\(k\)-reduced ideals of orders of real quadratic fields (Q1907753)

Eisenstein sought a priori criteria for determining when \((*)\) \(|x^2- Dy^2|= 4\) has integer solutions where \(\text{gcd}(x, y)= 1\) and \(D\) is a fundamental discriminant. Authors, such as \textit{A. J. Stephens} and \textit{H. C. Williams} [in: Théorie des nombres, C. R. Conf. Int., Québec/Can. 1987, 869-886 (1989; Zbl 0689.10024)], used the infrastructure of a real quadratic field to find an effective algorithm for determining when \((*)\) has solutions.

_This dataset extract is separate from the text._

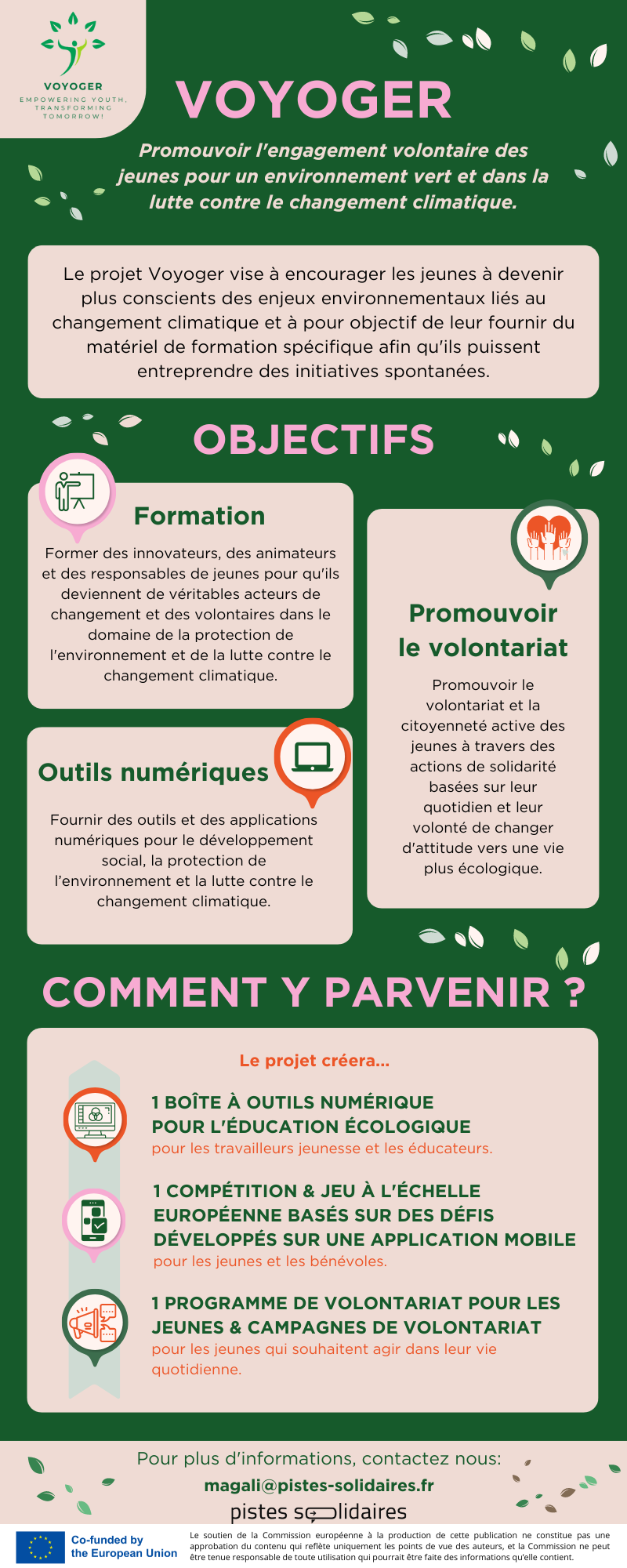Le projet VOYOGER vise à encourager les jeunes à se développer sur les questions d’environnement et de changement climatique grâce à des supports de formation spécifiques, afin qu’ils puissent agir bénévolement sur les problématiques environnementales.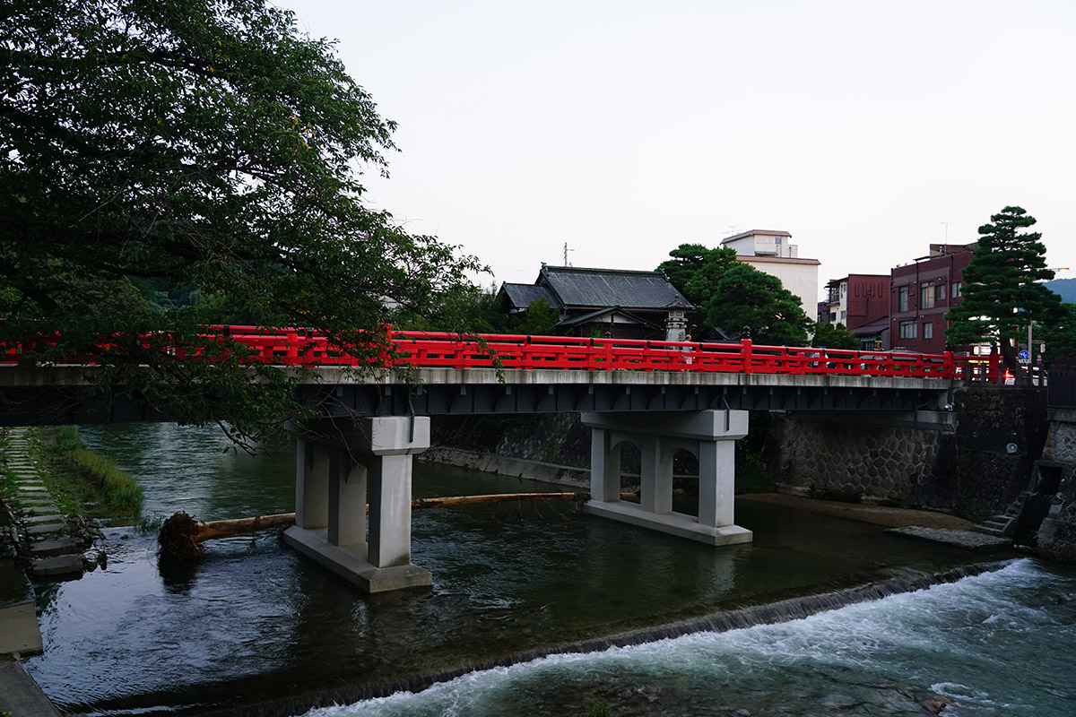 高山陣屋と三町の間にある朱塗りの橋です。ただの橋といえば橋なのですが、高山のシンボルとも言える橋です。この橋付近の宮川沿いの景観は小京都・高山らしくて素敵です。宮川沿いに遊歩道が整備されているので、のんびり散策がオススメです。

Note that, when \(D\equiv 5\pmod 8\), the existence of solutions to \((*)\) is equivalent to the fundamental unit of the maximal order \({\mathcal O}_D\) in \(\mathbb{Q}(\sqrt D)\) not being in the non-maximal order \({\mathcal O}_{4D}\), of index 2 in \({\mathcal O}_D\). In the paper under review, the author uses homomorphisms between orders, and defines a grading for reduced ideals. With these tools in hand, he gives criteria for the solution of \((*)\) (too technical to state here). Other results are also presented.